• **Your objective**
Once you reach the line containing "Ett leende på" in the entries below, write out that line and each one after it down to the line containing "Uuden päivityksen myötä", exactly and with nothing added.

• **Information shown**
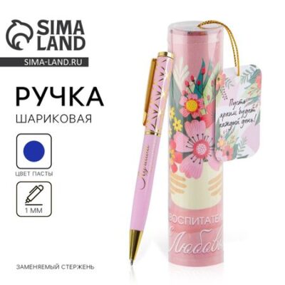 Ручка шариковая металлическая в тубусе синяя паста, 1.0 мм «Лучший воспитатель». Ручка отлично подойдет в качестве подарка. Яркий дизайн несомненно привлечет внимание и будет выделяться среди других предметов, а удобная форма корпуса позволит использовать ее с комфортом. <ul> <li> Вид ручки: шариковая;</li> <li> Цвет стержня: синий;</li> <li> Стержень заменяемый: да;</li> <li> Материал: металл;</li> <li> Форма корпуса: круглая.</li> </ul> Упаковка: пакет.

==

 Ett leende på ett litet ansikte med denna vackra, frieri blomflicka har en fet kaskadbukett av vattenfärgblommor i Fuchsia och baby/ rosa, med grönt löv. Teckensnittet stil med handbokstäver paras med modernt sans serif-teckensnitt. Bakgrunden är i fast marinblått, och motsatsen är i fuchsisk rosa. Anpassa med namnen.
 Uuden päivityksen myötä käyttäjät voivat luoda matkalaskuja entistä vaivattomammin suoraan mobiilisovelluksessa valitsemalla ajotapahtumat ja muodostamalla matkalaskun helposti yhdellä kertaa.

• **Exercise solution**
 Ett leende på ett litet ansikte med denna vackra, frieri blomflicka har en fet kaskadbukett av vattenfärgblommor i Fuchsia och baby/ rosa, med grönt löv. Teckensnittet stil med handbokstäver paras med modernt sans serif-teckensnitt. Bakgrunden är i fast marinblått, och motsatsen är i fuchsisk rosa. Anpassa med namnen.
 Uuden päivityksen myötä käyttäjät voivat luoda matkalaskuja entistä vaivattomammin suoraan mobiilisovelluksessa valitsemalla ajotapahtumat ja muodostamalla matkalaskun helposti yhdellä kertaa.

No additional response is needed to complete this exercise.